En cette époque d’infobésité, qui se caractérise par une surabondance d’informations toutes sources confondues, c’est souvent celui qui parle le plus vite ou le plus fort que l’on entend. À ce jeu, le continent n’est pas le mieux placé. Et l’Afrique est plus souvent racontée par les autres qu’elle ne parle par sa propre voix.
La transformation structurelle de notre continent doit s’accompagner d’outils de communication solides pour accompagner et amplifier nos ambitions de développement. Car c’est la communication médiatique qui façonne et influence l’opinion publique domestique et internationale.

Cette question n’est pas nouvelle. Déjà, dès le début des années 1970, Amadou Makhtar Mbow, ancien directeur général de l’Unesco, plaidait pour un Nouvel Ordre de l’information et de l’éducation afin de se prémunir contre une trop grande domination de quelques pays sur le reste du monde.

Quarante ans plus tard, ce débat est plus que jamais d’actualité, car si on prend en compte le développement rapide d’internet et des réseaux sociaux, chaque citoyen connecté est un journaliste potentiel avec toutes les dérives possibles de désinformation et de manipulation.

Dans la nouvelle grammaire des relations internationales, la puissance cède le pas à l’influence. Et pour cela, pas forcément besoin d’être un «grand pays» au sens géographique du terme. L’irruption spectaculaire d’Al Jazzera sur la scène mondiale a contribué à révéler le Qatar comme pays influent, et constitue en cela un cas d’école.
À l’issue des grandes réunions internationales, les Chefs d’État des pays puissants s’adressent à leurs médias «maison» qui relayent leurs messages en plusieurs langues à la face du monde. Ainsi, le Président américain s’adressera au monde via CNN, Fox News, le Président russe via RT, le Président chinois via CGTN, et le Président français à travers TV5 ou France 24…

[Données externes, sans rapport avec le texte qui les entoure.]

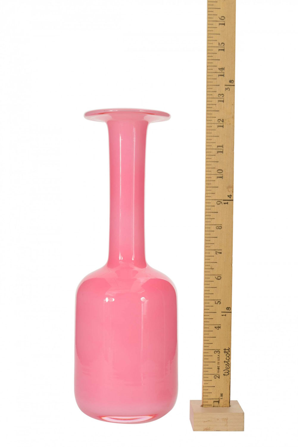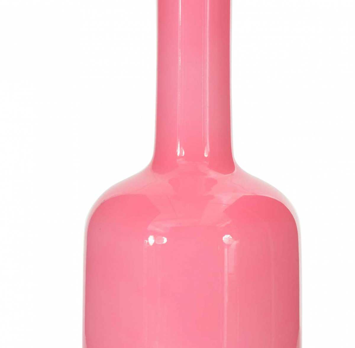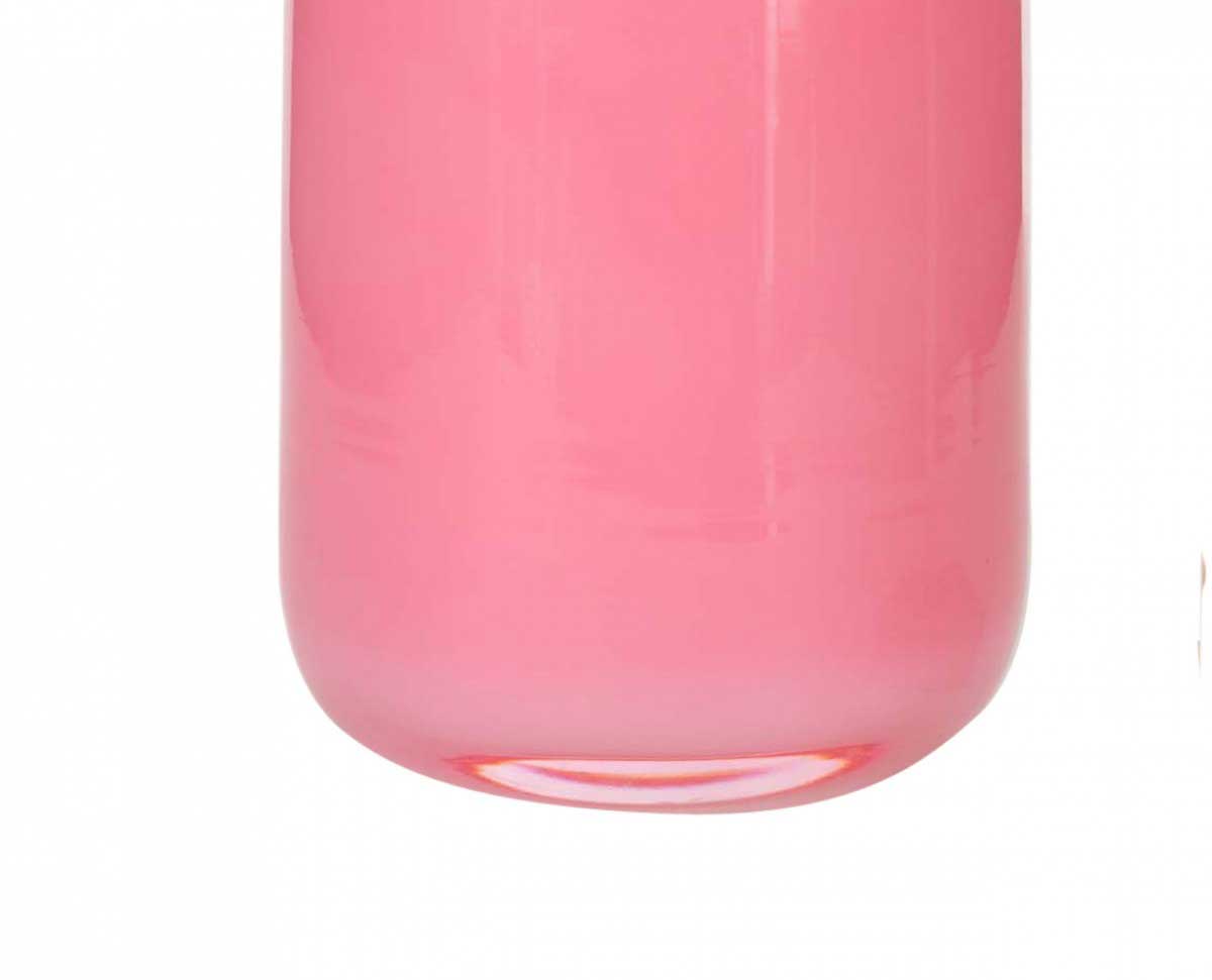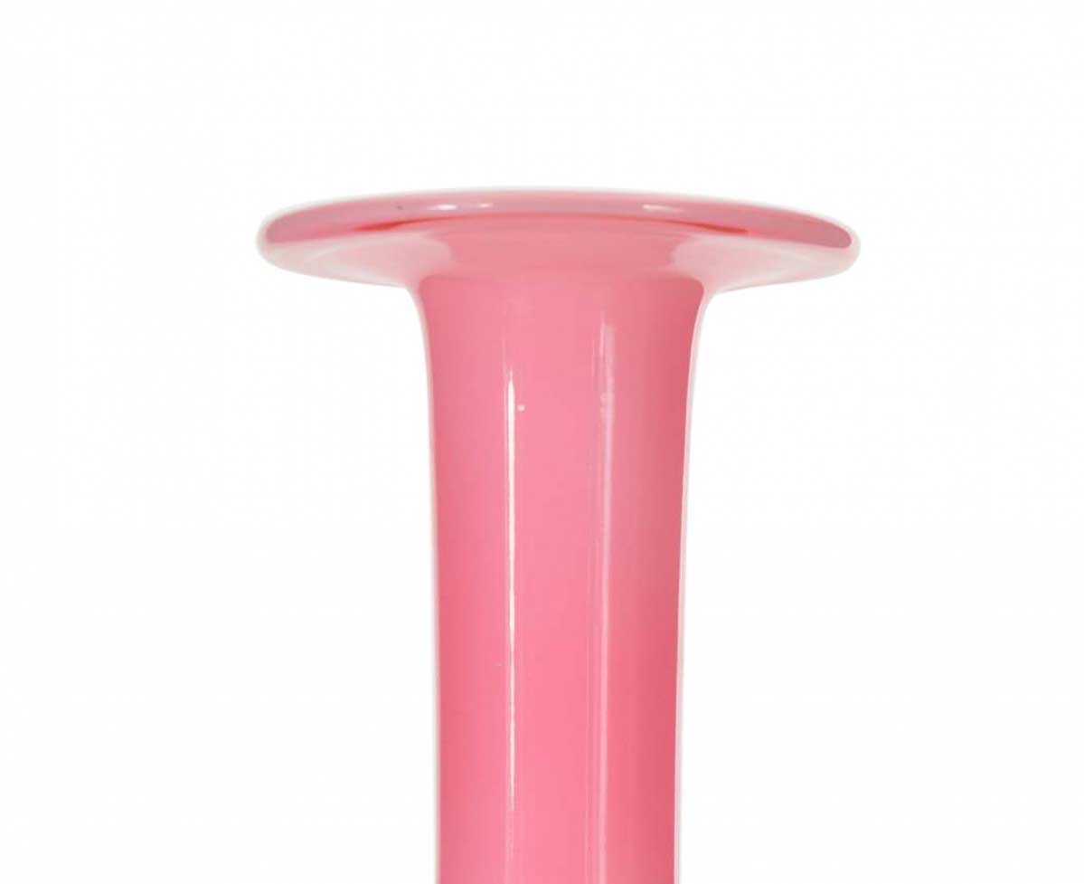 Danish Mid-Century Modern bottle-shaped pink and white case glass vase with a long cylindrical neck and a wide, flat rim

Les Chefs d’État de notre continent sont, quant à eux, totalement inaudibles sauf à titre anecdotique pour relater une partie de leur intervention sans toujours rendre compte du contexte d’ailleurs.

Autant il faut des champions dans les télécommunications, le secteur aérien et maritime, autant il faut qu’il y ait des champions dans le secteur des médias, pour pallier le peu d’influence médiatique du continent sur la scène internationale. Pour y parvenir, il nous faut des investissements massifs dans les technologies du futur, mais aussi dans la formation du capital humain. Aucun pays africain ne peut y parvenir seul au risque de créer des nains médiatiques. La mutualisation serait le seul moyen afin que le continent parle d’une seule voix forte et audible, et se garder de répéter dans les médias les erreurs commises dans l’aérien avec la disparition d’Air Afrique qui réduit les Africains à être les passagers de compagnies étrangères plutôt que les transporteurs.